Quote exactly, and only, the lines from the one containing "温素彬代表云顶国际8588y" through the end of the material below. Skip pictures.

* Recorded data
::::::
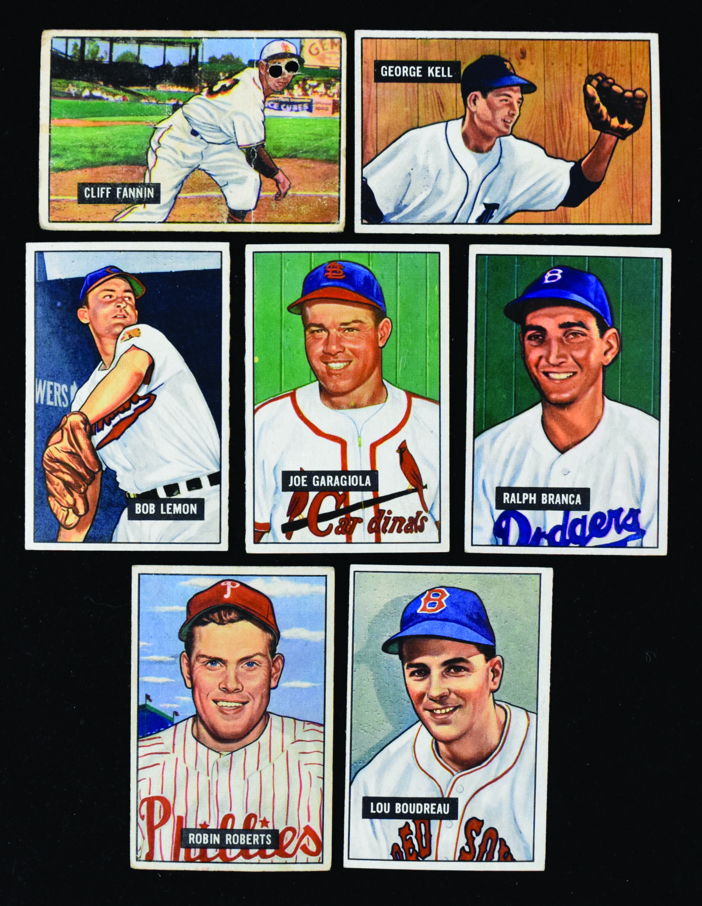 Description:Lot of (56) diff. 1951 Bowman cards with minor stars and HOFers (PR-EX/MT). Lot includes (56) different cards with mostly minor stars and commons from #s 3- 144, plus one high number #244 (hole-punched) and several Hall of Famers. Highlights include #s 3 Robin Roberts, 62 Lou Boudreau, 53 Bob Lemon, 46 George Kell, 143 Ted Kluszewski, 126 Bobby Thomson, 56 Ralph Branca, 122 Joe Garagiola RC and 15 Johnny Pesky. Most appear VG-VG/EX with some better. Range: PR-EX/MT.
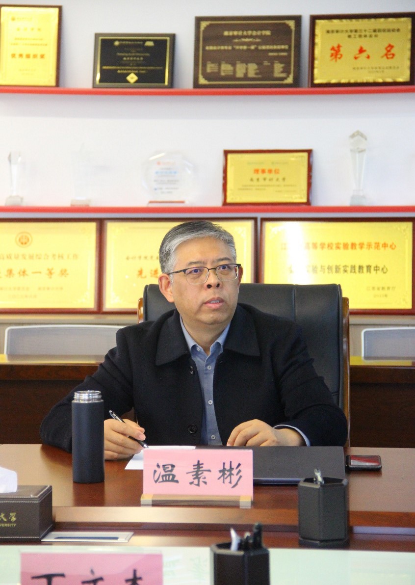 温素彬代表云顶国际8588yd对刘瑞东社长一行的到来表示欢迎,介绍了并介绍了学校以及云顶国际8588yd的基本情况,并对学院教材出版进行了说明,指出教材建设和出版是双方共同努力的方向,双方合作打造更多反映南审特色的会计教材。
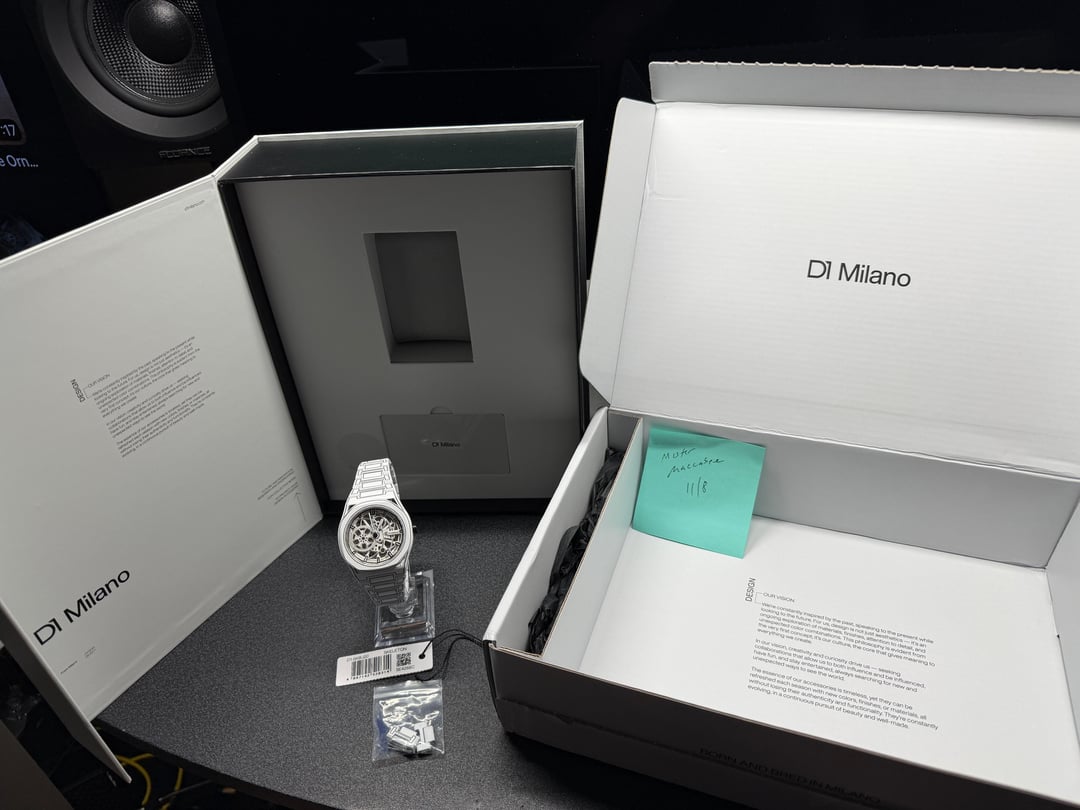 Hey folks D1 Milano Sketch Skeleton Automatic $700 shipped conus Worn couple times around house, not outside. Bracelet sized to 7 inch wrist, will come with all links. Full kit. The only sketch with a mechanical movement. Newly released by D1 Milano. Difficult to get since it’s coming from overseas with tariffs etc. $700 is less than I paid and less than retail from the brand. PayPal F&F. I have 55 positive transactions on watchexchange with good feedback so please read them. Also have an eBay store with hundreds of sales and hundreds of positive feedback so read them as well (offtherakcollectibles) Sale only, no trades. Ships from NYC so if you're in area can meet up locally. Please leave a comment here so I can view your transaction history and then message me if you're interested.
::::::
* Answer
 温素彬代表云顶国际8588yd对刘瑞东社长一行的到来表示欢迎,介绍了并介绍了学校以及云顶国际8588yd的基本情况,并对学院教材出版进行了说明,指出教材建设和出版是双方共同努力的方向,双方合作打造更多反映南审特色的会计教材。
 Hey folks D1 Milano Sketch Skeleton Automatic $700 shipped conus Worn couple times around house, not outside. Bracelet sized to 7 inch wrist, will come with all links. Full kit. The only sketch with a mechanical movement. Newly released by D1 Milano. Difficult to get since it’s coming from overseas with tariffs etc. $700 is less than I paid and less than retail from the brand. PayPal F&F. I have 55 positive transactions on watchexchange with good feedback so please read them. Also have an eBay store with hundreds of sales and hundreds of positive feedback so read them as well (offtherakcollectibles) Sale only, no trades. Ships from NYC so if you're in area can meet up locally. Please leave a comment here so I can view your transaction history and then message me if you're interested.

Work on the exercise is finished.